When he first brought his concerns -- and a voluminous file -- to the SEC in 2000, Grant Ward, the agency's New England regional director of enforcement, was woefully unprepared to handle the assignment, writes Markopolos. "As I explained this massive fraud to Ward, it very quickly became clear he didn't understand a single word I said after hello... if blank looks were dollar bills, I would have walked out of that room a rich man. He was coldly polite, but he didn't ask a single probing question. I never knew if that represented a lack of interest, a lack of comprehension, or simply a desire to go to lunch."

Even his buddy, Manion, was devastated with Ward's non-response. When Markopolos asked him if he thought Ward got it, Manion replied: "Not one single word of it."

For years, Marokopolos took extra precautions, out of concern for the safety of his family. He says he lived under a death sentence, terrified that his pursuit of Madoff was putting his family in jeopardy since billions of dollars were at stake, "and apparently some of that money belonged to the Russian mafia and the drug cartels - people who would kill to protect their investments... So I wouldn't start my car without first checking under the chassis and in the wheel wells. At night I walked away from shadows and I slept with a loaded gun nearby..."

He started carrying an lightweight Model 642 Smith and Wesson everywhere he went and asked the local police department in his small town of Whitman, Massachusetts for 24/7 protection.
In addition, his wife got her handgun license, he upgraded the alarm system around his house and imagined the ways that Madoff's hit men would kill him: "if Madoff wanted to kill me he was going to use professionals, and that meant a double-tap with two bullets to the back of my head."

Media Failure: Didn't Anyone Want a Pulitzer?

And Makropolos slams the media, expressing his incredulity at their lack of initiative. In early March of 2002, Markopolos claims he sent a copy of his SEC submission on Madoff to a senior reporter at Forbes but it was ignored. "The lack of serious interest was astonishing. I think the editors at Forbes, like so many others we were to encounter, were victims of their own hubris... In fact, I suspect that the only way he would have taken it less seriously was if it had been written in crayon. He was just too smart to recognize the truth."

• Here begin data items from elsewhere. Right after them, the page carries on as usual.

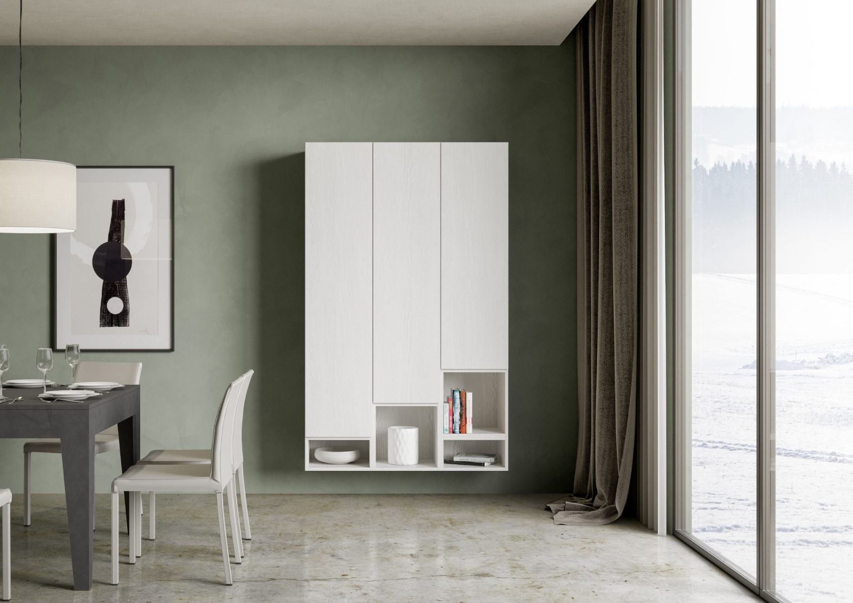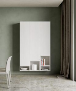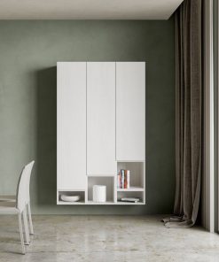 Parete moderna Stefy, un’idea intrigante per arredare la zona giorno, dotandola di 3 pensili verticali e di vani a giorno, uniti nella composizione suggerita, ossia perfettamente affiancati tra loro. I pensili della parete living Stefy essendo separati, potranno essere disposti in maniera differente da quella proposta. Inoltre, può diventare anche un’idea utile per attrezzare l’ingresso.
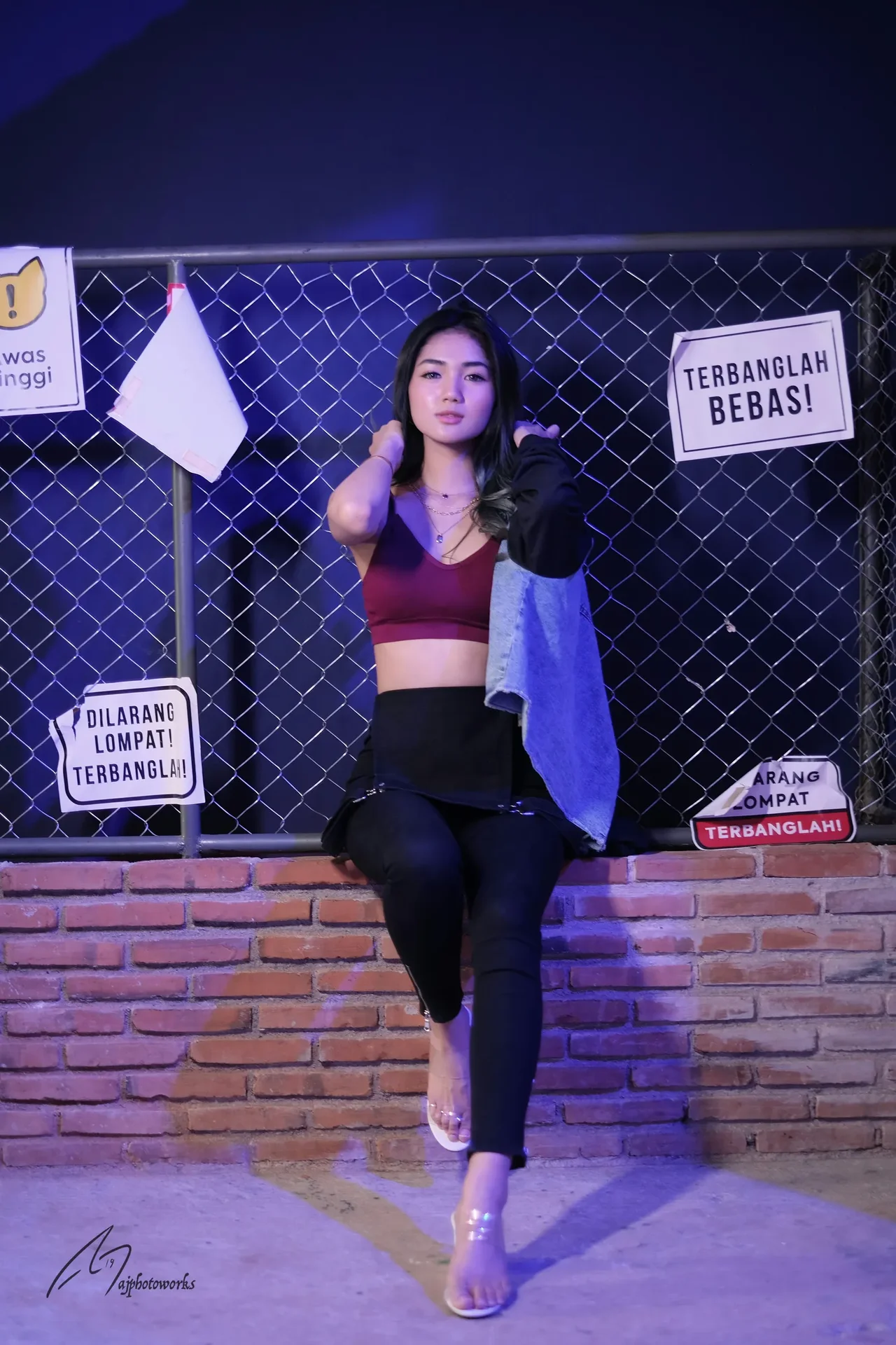 A confident young woman in a bold, edgy outfit stands against an urban backdrop with striking lighting and textured elements.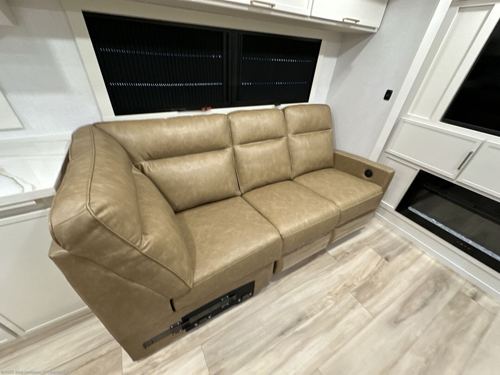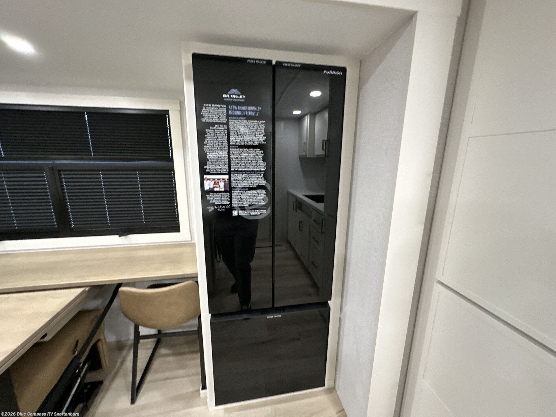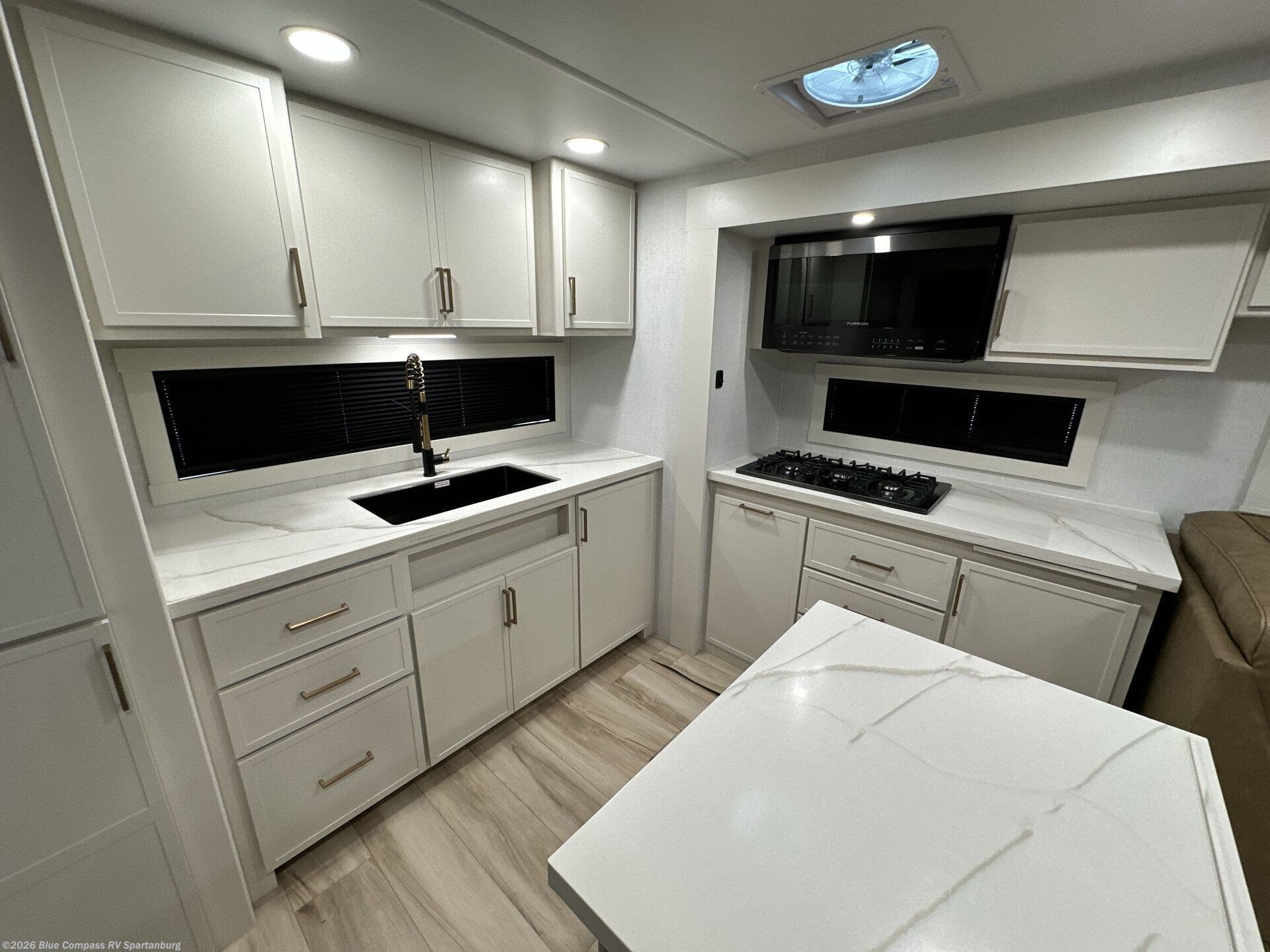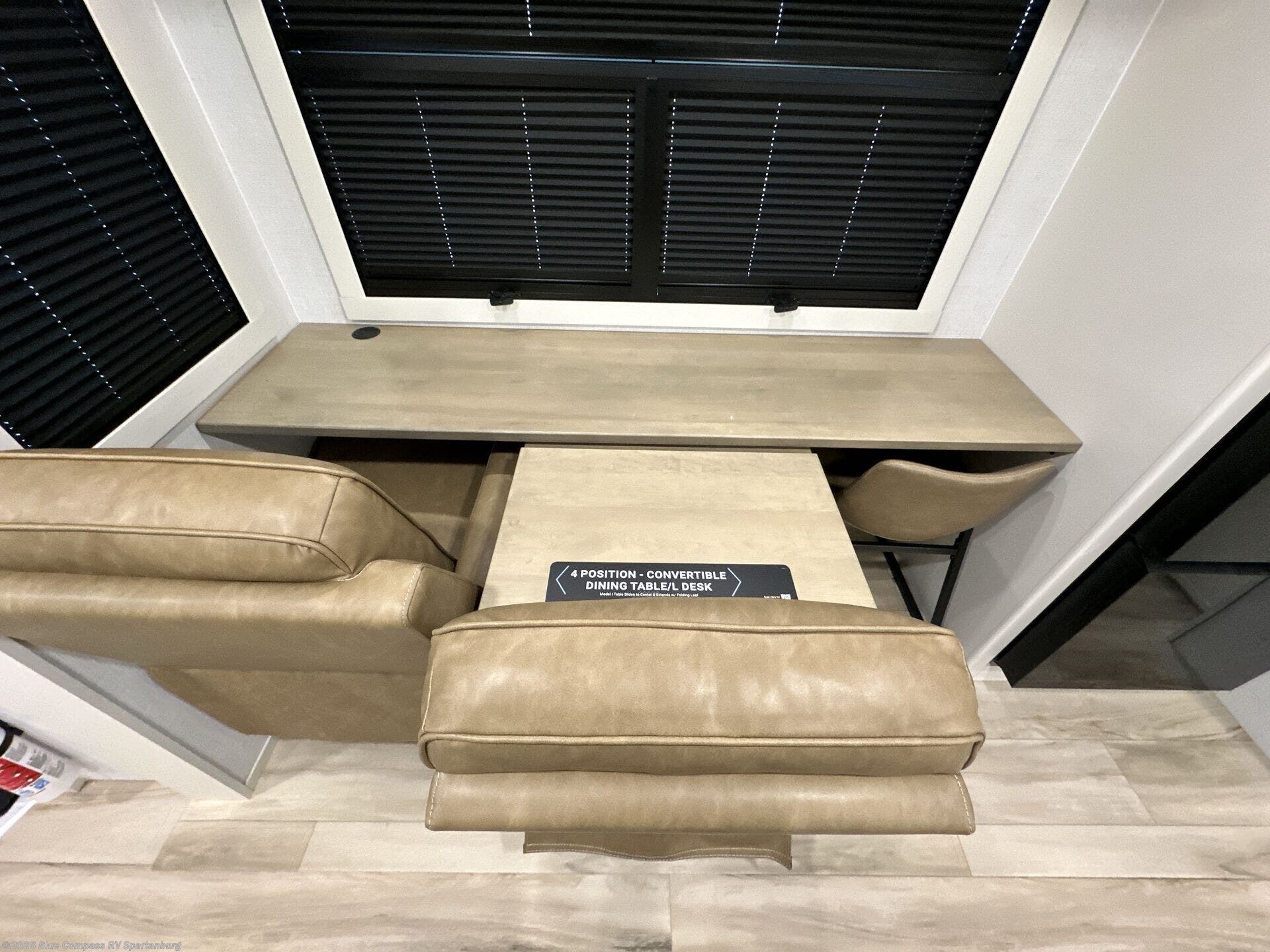 Savor the joy of cooking and sharing meals with loved ones in this beautifully appointed kitchen! This rear kitchen features a spacious pantry with drawers and outlets, a 30" convection microwave, a flip-up counter, and a 12V refrigerator. The convertible dining table and L-desk create a refined space for meals, work, and relaxation. The adjacent L-sofa forms a cozy sanctuary for reading, socializing, or enjoying the entertainment center and fireplace. There is a full bathroom with everything you need to keep your personal hygiene on the road. Plus, the front bedroom’s peaceful haven features a plush king bed, nightstands with storage, and a MaxSpace split-level wardrobe. Additionally, the two exterior awnings create a spacious outdoor living area, ideal for relaxing, entertaining, or enjoying the great outdoors.

Two reporters who did stories on Madoff were MARHedge reporter Mike Ocrant, who become an integral part of Makropolos's team and Barron's reporter Erin Arvedlund, who followed up on Ocrant's original story. But Markopolos was frustrated that both stories failed to make a ripple, especially at the SEC. And he attributes the agency's deafening silence to the fact that they never read the stories because they don't have a publication budget, "meaning staff members have to pay out of their own pockets for any industry material," including even the Wall Street Journal.

The Most Tragic of Ironies

The most poignant part of the book involves Markopolos's tragic failure to prevent French money manager Thierry de la Villehuchet from losing billions to Madoff -- and then committing suicide weeks after Madoff's arrest. In the bitterest of ironies, Markopolos first learned about Madoff in 2000 from de la Villehuchet, spurring Markopolos's decade-long obsession.

When the Frenchman bragged about how his funds were handled by Madoff, who guaranteed him an amazing one to two-percent monthly return, that raised eyebrows and Markopolos and his associates began to dig into Madoff.

Within minutes of scanning Madoff's numbers, Markopolos says he knew he was a fraud, telling one of his associates, "There's no way this is real. This is bogus". The more he looked, the more problems began emerging as "clearly as a red wagon in a field of snow... and that's when we began chasing Bernie Madoff," writes Markopolos, who has a fondness for colorful metaphors.

Markopolos and his associates repeatedly warned de la Villehuchet over the next eight years to no avail. At one point, when they warned him and questioned his faith in Madoff, de la Villehuchet said, "If I'm wrong... Then I'm a dead man," explaining that he had invested billions from Europe's wealthiest families in Madoff.

Markopolos says he wept on and off for three days when he learned that de la Villehuchet had slit his wrists with a boxcutter:

"And truthfully, I've never stopped wondering if I could have saved his life."